Excerpts from a dataset:
========================
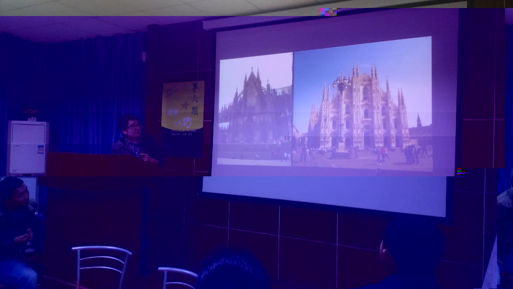 首先,兩位老師以他們的切身經曆,從出國前的準備、怎樣過語言關、如何渡過留學生活等方面給同學們提出一些建議。許峰老師告訴大家,留學也許在最開始時會很痛苦,但這是一個心靈成長蛻變的過程,最終會把一個人變得自信和獨立。唐昊老師在講解出國申請時告誡大家,在材料上填寫成績時要真實。而最精彩的,便是許峰老師講述他窮遊歐洲各國的部分。他為同學們展示了他在各個國家拍攝的照片,并用輕松幽默的語言講述他的旅途故事和異國文化。這些照片拍攝自意大利、德國、瑞典、芬蘭等許多國家,其中有比薩斜塔、巴黎聖母院、埃菲爾鐵塔、水城威尼斯,甚至北極圈漫天的冰雪。這些照片帶同學們領略了異國風情,引得大家連連贊歎。
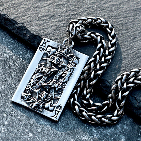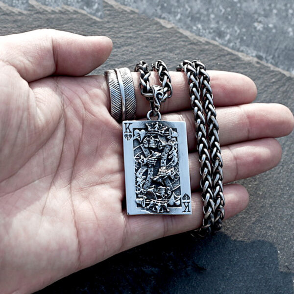 Hip Hop King Solomon Poker Pendant Necklace for Men Vintage Stainless Steel King of Spades Pendant Punk Gambler Lucky Jewelry
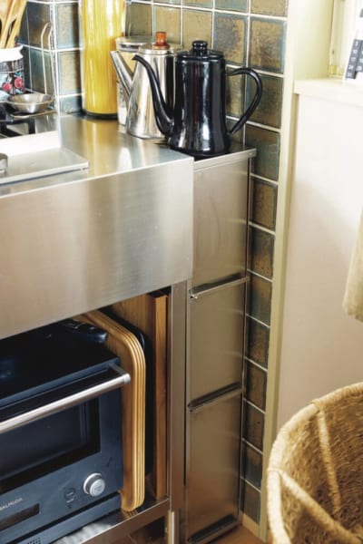 キッチンと壁の 15cm ほどのすき間に、「足立製作所」のステンレスラックがフィット。
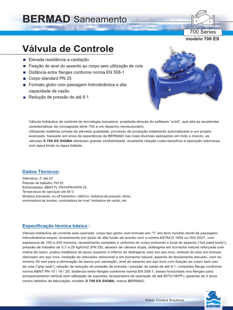 contra defeitos de fabricao, modelo S 700 ES SIGMA, marca BERMAD.
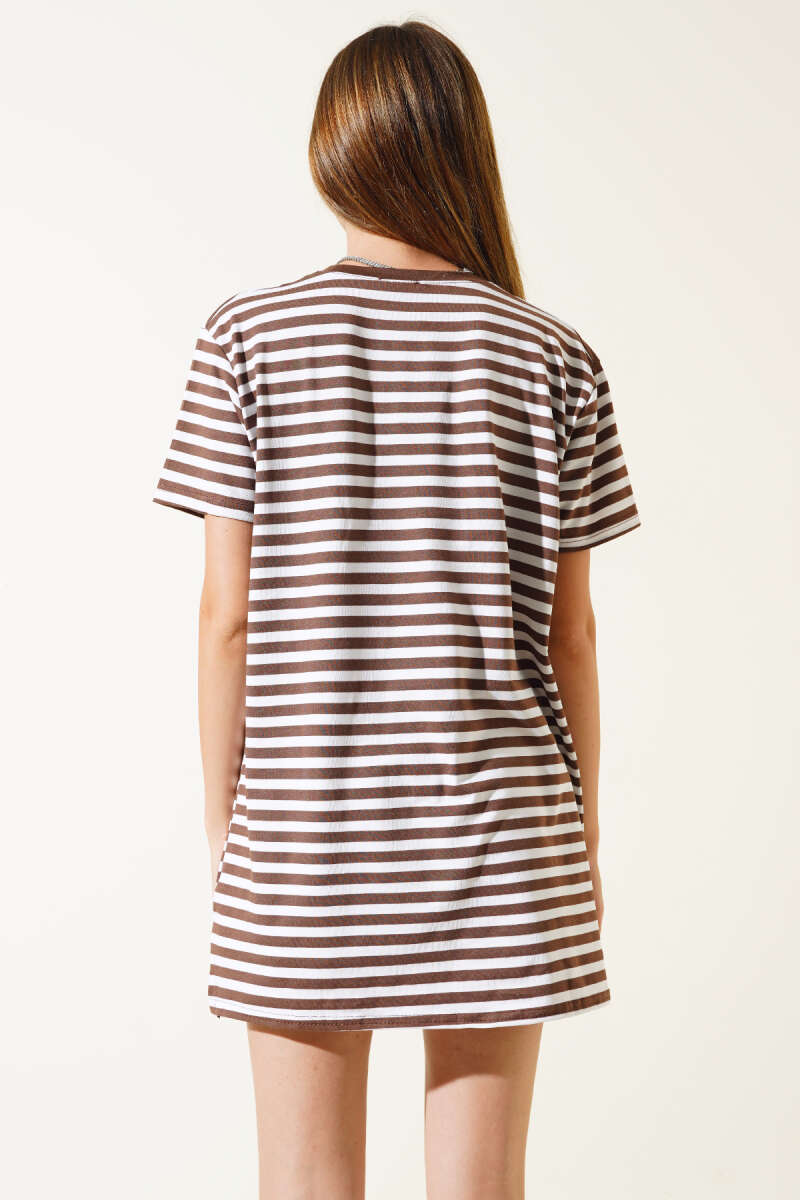 Balıkçı Yaka Fitilli Salaş Triko Tunik Kahve
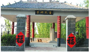 前面立有两座高1.8米、宽60厘米、厚20厘米的石碑,北面这座石碑建于民国四年(1915年),上面的字迹也很模糊,内容同样是记载先人及建庙修庙的前后经过。南边这座石碑,是碑亭中最珍贵的,仔细观看上面的碑文我们得知,董家祠堂最早建于1636年,因黄河水泛滥泡坏倾废。董家人在民国四年重修并制作亭内北面的石碑一方,而且建造得非常庄重严整。只是由于黄河滩地松软的缘故,祠堂的墙基不稳,屋顶也时常漏雨。民国十年(1921年)夏,大雨下了一个多月,此时河水暴涨,董庄村周围一片汪洋,董家祠堂被毁,董家人费尽周折,再次将祠堂修好,之后又在附近建起村学一座。
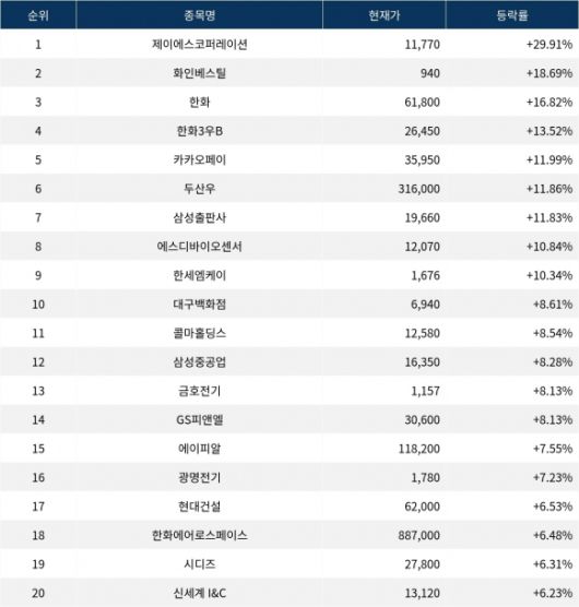 이어 상승률 2위 화인베스틸(133820)은 주가가 18.69% 급등하며 종가 940원에 상승 마감했다. 상승률 3위 한화(000880)의 주가는 61,800원으로 16.82% 급등하며 우수한 성적을 기록했다. 상승률 4위 한화3우B(00088K)는 13.52% 상승하며 26,450원에 마감했다. 상승률 5위 카카오페이(377300)는 11.99%의 상승세를 타고 종가 35,950원에 마감했다.
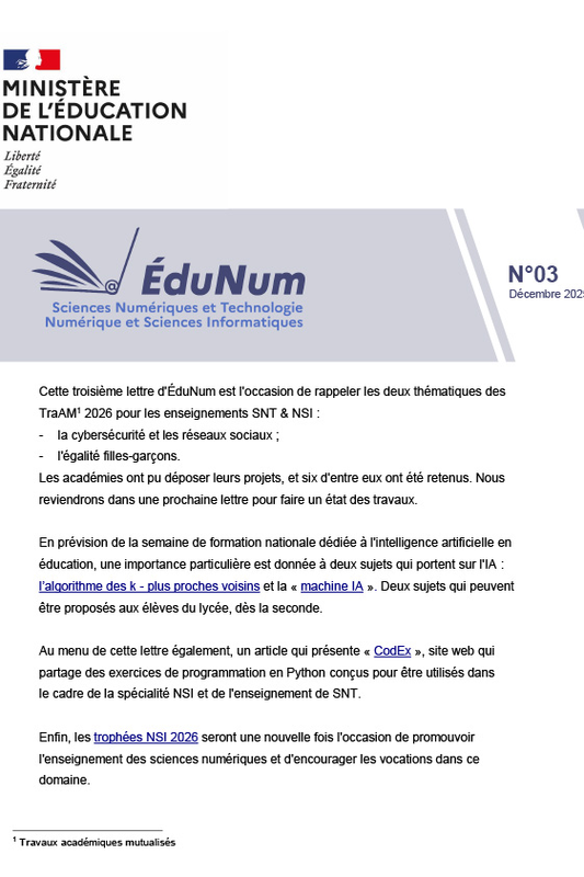 Lettre ÉduNum SNT - NSI n° 1 - janvier 2025
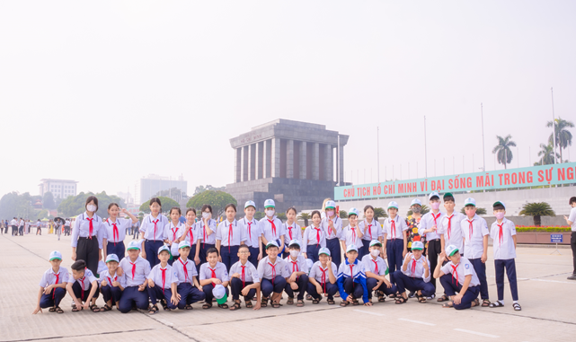 Ngay từ 6h30 phút sáng ngày 02/11/2023, học sinh, phụ huynh và cán bộ giáo viên, nhân viên nhà trường đã tập trung đông đủ tại sân trường để chuẩn bị khởi hành. Những gương mặt đầy hào hức đã sẵn sàng bắt đầu cuộc hành trình học tập trải nghiệm thú vị tại Hà Nội, 9h05 đoàn trải nghiệm trường THCS Quốc Tuấn đã có mặt tại quần thể di tích Lăng Bác.
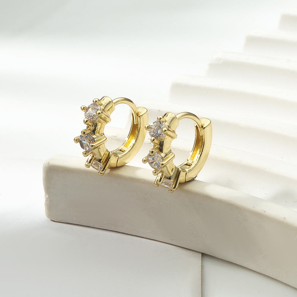 Boucles d'oreilles en laiton zircon cubique pavent, Plaqué de couleur d'or rose, pavé de micro zircon Vendu par paire
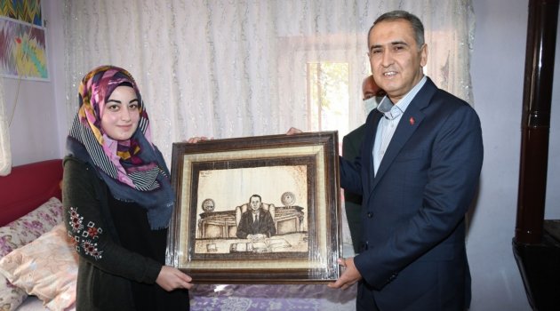 Zaman içeresinde kendi imkânlarıyla ahşap yakma sanatını öğrenerek göz dolduran çeşitli eserler ortaya koyan Semanur Aktan, Vali Çuhadar’ın dikkatini çekti.
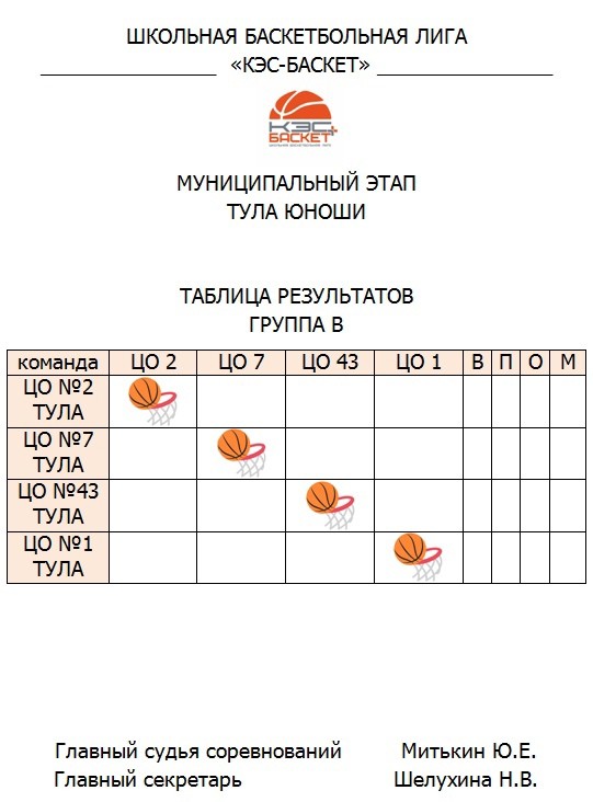 Расписание игр. Тула. Юноши. Группа В
========================
The entries are to be restated word for word, with pictures omitted.

 首先,兩位老師以他們的切身經曆,從出國前的準備、怎樣過語言關、如何渡過留學生活等方面給同學們提出一些建議。許峰老師告訴大家,留學也許在最開始時會很痛苦,但這是一個心靈成長蛻變的過程,最終會把一個人變得自信和獨立。唐昊老師在講解出國申請時告誡大家,在材料上填寫成績時要真實。而最精彩的,便是許峰老師講述他窮遊歐洲各國的部分。他為同學們展示了他在各個國家拍攝的照片,并用輕松幽默的語言講述他的旅途故事和異國文化。這些照片拍攝自意大利、德國、瑞典、芬蘭等許多國家,其中有比薩斜塔、巴黎聖母院、埃菲爾鐵塔、水城威尼斯,甚至北極圈漫天的冰雪。這些照片帶同學們領略了異國風情,引得大家連連贊歎。
 Hip Hop King Solomon Poker Pendant Necklace for Men Vintage Stainless Steel King of Spades Pendant Punk Gambler Lucky Jewelry
 キッチンと壁の 15cm ほどのすき間に、「足立製作所」のステンレスラックがフィット。
 contra defeitos de fabricao, modelo S 700 ES SIGMA, marca BERMAD.
 Balıkçı Yaka Fitilli Salaş Triko Tunik Kahve
 前面立有两座高1.8米、宽60厘米、厚20厘米的石碑,北面这座石碑建于民国四年(1915年),上面的字迹也很模糊,内容同样是记载先人及建庙修庙的前后经过。南边这座石碑,是碑亭中最珍贵的,仔细观看上面的碑文我们得知,董家祠堂最早建于1636年,因黄河水泛滥泡坏倾废。董家人在民国四年重修并制作亭内北面的石碑一方,而且建造得非常庄重严整。只是由于黄河滩地松软的缘故,祠堂的墙基不稳,屋顶也时常漏雨。民国十年(1921年)夏,大雨下了一个多月,此时河水暴涨,董庄村周围一片汪洋,董家祠堂被毁,董家人费尽周折,再次将祠堂修好,之后又在附近建起村学一座。
 이어 상승률 2위 화인베스틸(133820)은 주가가 18.69% 급등하며 종가 940원에 상승 마감했다. 상승률 3위 한화(000880)의 주가는 61,800원으로 16.82% 급등하며 우수한 성적을 기록했다. 상승률 4위 한화3우B(00088K)는 13.52% 상승하며 26,450원에 마감했다. 상승률 5위 카카오페이(377300)는 11.99%의 상승세를 타고 종가 35,950원에 마감했다.
 Lettre ÉduNum SNT - NSI n° 1 - janvier 2025
 Ngay từ 6h30 phút sáng ngày 02/11/2023, học sinh, phụ huynh và cán bộ giáo viên, nhân viên nhà trường đã tập trung đông đủ tại sân trường để chuẩn bị khởi hành. Những gương mặt đầy hào hức đã sẵn sàng bắt đầu cuộc hành trình học tập trải nghiệm thú vị tại Hà Nội, 9h05 đoàn trải nghiệm trường THCS Quốc Tuấn đã có mặt tại quần thể di tích Lăng Bác.
 Boucles d'oreilles en laiton zircon cubique pavent, Plaqué de couleur d'or rose, pavé de micro zircon Vendu par paire
 Zaman içeresinde kendi imkânlarıyla ahşap yakma sanatını öğrenerek göz dolduran çeşitli eserler ortaya koyan Semanur Aktan, Vali Çuhadar’ın dikkatini çekti.
 Расписание игр. Тула. Юноши. Группа В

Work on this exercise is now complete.